■ Records
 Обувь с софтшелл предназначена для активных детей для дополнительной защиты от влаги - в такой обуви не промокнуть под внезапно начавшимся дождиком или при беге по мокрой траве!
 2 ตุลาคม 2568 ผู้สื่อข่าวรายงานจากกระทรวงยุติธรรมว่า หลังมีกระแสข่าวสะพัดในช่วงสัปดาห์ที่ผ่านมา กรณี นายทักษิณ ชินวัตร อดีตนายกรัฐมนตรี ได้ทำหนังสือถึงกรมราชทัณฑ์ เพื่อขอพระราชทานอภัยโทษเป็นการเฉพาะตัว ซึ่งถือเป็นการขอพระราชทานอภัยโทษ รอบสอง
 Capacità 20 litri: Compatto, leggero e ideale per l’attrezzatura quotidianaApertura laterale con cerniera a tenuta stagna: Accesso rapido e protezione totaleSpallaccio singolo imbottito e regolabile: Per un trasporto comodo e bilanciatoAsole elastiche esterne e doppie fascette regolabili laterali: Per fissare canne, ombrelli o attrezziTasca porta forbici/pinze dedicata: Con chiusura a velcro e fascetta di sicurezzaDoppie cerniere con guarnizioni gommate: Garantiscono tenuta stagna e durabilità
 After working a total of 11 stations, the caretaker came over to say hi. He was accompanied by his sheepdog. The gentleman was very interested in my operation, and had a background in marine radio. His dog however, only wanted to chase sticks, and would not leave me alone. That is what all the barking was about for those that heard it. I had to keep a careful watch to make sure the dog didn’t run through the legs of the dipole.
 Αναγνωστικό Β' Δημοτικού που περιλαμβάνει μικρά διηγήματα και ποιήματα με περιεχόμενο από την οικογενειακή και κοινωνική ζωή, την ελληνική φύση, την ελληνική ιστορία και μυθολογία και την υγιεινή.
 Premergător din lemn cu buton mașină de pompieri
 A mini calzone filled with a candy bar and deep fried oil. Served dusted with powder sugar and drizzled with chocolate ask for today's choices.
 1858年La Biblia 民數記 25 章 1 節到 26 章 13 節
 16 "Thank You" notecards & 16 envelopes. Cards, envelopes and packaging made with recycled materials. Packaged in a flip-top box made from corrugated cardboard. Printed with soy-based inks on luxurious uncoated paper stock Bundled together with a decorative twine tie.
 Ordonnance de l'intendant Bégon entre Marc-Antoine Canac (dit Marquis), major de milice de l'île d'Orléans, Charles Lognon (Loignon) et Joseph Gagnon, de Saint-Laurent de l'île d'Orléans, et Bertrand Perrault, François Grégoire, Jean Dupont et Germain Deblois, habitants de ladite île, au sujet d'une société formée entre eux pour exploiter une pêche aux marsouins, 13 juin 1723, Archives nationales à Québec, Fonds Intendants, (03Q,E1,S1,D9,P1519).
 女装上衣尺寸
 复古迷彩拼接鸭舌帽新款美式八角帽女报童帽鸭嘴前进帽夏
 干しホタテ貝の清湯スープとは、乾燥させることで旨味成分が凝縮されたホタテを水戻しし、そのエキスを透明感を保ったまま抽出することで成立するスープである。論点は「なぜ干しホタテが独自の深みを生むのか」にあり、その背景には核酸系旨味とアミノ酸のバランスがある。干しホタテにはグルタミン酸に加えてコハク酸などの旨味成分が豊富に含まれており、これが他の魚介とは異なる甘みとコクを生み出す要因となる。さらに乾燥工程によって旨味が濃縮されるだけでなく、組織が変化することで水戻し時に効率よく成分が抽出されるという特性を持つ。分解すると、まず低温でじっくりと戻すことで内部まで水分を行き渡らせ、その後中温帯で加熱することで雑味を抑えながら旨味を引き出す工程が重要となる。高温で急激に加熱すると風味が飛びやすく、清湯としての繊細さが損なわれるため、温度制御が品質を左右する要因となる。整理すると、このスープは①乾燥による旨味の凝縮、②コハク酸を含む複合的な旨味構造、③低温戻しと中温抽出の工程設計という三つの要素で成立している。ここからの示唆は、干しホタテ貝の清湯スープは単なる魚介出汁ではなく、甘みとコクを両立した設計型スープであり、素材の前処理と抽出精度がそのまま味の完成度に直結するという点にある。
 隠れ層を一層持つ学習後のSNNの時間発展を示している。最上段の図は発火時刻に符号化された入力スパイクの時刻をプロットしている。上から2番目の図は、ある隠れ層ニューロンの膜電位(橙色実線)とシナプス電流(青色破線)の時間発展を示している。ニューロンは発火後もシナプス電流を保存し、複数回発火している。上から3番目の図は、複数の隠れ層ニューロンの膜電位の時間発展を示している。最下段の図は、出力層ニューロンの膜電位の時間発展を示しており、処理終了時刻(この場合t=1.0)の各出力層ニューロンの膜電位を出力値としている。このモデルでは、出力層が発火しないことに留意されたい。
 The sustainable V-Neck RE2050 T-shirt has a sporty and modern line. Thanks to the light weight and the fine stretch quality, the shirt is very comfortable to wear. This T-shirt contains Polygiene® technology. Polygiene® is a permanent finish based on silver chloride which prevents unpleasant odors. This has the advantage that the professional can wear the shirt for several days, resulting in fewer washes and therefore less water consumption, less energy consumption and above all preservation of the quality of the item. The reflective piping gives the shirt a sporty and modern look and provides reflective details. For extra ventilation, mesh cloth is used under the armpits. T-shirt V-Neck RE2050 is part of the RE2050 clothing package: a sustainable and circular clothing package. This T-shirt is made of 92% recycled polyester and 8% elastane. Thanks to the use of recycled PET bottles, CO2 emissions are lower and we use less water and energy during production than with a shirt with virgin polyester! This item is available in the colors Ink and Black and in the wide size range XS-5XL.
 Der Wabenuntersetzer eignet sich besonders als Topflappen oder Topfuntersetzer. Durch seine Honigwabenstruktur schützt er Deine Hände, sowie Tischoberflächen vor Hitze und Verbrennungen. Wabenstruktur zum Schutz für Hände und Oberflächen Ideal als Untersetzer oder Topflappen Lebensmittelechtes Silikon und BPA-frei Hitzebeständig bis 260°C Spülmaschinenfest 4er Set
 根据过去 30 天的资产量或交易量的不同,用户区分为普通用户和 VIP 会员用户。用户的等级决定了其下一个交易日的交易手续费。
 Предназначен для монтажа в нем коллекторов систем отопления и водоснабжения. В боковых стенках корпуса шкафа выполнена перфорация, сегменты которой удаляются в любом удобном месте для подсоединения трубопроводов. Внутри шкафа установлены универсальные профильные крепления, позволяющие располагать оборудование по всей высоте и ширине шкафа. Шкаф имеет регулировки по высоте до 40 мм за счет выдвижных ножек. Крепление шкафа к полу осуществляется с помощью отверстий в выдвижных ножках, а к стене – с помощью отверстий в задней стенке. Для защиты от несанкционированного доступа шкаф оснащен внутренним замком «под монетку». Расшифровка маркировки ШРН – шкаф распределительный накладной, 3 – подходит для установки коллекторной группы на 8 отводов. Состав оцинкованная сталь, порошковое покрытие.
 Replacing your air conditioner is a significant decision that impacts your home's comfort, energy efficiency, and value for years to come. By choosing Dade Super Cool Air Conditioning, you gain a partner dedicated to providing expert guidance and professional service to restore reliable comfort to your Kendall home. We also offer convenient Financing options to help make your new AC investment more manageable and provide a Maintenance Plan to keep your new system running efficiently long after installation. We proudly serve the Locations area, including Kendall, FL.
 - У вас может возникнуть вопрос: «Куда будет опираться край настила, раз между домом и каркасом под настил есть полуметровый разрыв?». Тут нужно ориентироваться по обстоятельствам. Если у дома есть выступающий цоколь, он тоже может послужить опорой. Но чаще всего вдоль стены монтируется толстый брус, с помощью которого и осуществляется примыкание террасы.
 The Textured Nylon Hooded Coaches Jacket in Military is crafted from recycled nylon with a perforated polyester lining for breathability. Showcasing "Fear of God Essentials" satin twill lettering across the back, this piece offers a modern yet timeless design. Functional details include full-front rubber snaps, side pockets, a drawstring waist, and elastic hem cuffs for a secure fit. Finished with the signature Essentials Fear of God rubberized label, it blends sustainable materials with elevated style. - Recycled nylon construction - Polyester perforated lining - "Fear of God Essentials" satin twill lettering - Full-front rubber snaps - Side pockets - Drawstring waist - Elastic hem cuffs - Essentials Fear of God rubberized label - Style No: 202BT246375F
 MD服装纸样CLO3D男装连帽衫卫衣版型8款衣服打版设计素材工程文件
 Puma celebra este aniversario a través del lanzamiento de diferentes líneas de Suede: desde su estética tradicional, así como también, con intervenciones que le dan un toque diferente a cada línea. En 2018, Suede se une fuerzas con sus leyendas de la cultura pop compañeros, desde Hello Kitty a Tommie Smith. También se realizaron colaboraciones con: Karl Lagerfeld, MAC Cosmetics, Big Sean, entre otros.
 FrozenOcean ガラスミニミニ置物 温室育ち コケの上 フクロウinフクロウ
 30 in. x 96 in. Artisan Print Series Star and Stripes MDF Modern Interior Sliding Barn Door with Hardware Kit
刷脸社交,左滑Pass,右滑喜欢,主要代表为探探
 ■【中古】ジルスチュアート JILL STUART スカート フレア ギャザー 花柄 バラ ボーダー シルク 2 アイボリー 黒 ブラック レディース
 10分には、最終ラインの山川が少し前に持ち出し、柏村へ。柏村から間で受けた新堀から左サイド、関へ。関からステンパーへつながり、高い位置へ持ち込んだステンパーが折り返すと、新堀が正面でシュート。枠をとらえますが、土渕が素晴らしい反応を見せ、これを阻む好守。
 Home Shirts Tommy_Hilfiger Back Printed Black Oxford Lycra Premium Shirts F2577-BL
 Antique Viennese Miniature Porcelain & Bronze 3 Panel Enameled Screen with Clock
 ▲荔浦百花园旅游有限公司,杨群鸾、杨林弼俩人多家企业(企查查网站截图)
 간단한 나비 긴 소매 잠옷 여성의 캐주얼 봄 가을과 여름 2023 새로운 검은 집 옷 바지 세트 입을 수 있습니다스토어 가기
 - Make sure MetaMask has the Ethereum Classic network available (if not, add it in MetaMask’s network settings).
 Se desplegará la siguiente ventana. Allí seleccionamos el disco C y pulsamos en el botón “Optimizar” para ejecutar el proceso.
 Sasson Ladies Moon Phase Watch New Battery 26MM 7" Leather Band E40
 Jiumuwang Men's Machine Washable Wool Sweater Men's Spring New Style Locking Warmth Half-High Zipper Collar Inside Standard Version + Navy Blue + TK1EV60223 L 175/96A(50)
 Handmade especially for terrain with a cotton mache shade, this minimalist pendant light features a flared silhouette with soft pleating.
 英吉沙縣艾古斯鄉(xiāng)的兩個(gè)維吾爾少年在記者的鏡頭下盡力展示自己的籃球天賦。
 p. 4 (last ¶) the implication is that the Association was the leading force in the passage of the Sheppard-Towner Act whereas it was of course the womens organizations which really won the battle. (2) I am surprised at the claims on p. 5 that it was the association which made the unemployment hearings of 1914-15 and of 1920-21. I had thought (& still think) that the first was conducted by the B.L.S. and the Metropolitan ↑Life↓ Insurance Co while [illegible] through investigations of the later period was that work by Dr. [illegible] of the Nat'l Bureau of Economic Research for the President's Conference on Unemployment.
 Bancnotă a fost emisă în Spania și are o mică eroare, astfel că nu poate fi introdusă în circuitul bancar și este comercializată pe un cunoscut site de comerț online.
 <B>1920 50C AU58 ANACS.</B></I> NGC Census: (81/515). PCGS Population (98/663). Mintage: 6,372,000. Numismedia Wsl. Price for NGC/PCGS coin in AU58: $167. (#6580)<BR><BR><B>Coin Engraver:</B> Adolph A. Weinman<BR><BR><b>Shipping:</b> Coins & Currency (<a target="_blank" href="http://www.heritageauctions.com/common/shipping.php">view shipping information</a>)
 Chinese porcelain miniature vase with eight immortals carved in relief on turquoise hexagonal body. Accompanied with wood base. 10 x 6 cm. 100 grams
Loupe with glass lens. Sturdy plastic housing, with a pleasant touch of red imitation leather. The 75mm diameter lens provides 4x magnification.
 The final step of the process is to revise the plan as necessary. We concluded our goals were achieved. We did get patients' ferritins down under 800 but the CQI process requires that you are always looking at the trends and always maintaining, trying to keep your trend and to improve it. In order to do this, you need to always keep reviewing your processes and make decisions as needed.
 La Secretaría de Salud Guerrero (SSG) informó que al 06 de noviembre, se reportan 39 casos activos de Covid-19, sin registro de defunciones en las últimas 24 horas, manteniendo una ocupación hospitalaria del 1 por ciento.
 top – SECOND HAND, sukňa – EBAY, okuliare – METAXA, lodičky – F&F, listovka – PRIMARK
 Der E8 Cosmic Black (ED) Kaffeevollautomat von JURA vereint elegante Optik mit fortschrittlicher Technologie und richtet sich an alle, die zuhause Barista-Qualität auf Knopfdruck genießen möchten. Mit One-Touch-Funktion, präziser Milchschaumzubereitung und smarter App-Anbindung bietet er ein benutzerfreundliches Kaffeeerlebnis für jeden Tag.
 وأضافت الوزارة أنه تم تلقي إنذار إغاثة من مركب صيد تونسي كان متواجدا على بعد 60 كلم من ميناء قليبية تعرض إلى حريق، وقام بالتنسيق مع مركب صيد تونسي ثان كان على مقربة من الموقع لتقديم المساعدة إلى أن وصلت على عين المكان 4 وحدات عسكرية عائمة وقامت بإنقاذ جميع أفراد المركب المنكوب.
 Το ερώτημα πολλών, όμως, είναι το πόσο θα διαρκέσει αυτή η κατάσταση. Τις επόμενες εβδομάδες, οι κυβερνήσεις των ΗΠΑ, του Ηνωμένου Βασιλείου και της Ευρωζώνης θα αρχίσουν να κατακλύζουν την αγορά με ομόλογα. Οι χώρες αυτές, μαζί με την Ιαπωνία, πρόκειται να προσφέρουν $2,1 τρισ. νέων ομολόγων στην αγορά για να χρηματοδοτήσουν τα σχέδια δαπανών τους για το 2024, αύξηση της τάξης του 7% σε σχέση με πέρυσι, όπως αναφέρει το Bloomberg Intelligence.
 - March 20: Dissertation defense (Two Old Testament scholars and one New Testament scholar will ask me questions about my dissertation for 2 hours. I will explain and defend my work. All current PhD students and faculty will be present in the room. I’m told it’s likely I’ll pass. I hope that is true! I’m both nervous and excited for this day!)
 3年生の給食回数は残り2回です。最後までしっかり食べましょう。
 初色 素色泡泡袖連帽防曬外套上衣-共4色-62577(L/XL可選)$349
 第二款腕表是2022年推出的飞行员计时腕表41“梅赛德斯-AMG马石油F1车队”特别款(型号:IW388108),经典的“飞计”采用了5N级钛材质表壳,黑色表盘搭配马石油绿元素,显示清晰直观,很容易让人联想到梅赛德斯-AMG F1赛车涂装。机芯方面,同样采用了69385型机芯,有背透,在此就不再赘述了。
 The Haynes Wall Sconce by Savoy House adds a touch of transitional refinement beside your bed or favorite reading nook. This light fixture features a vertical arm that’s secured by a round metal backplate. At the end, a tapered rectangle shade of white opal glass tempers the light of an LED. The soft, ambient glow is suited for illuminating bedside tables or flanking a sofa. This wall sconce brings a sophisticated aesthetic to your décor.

■ Problem requirements
Repeat the entries above verbatim, but only from the line that has "Chinese porcelain miniature" down to the line that has "top – SECOND", inclusive.

■ Response
 Chinese porcelain miniature vase with eight immortals carved in relief on turquoise hexagonal body. Accompanied with wood base. 10 x 6 cm. 100 grams
Loupe with glass lens. Sturdy plastic housing, with a pleasant touch of red imitation leather. The 75mm diameter lens provides 4x magnification.
 The final step of the process is to revise the plan as necessary. We concluded our goals were achieved. We did get patients' ferritins down under 800 but the CQI process requires that you are always looking at the trends and always maintaining, trying to keep your trend and to improve it. In order to do this, you need to always keep reviewing your processes and make decisions as needed.
 La Secretaría de Salud Guerrero (SSG) informó que al 06 de noviembre, se reportan 39 casos activos de Covid-19, sin registro de defunciones en las últimas 24 horas, manteniendo una ocupación hospitalaria del 1 por ciento.
 top – SECOND HAND, sukňa – EBAY, okuliare – METAXA, lodičky – F&F, listovka – PRIMARK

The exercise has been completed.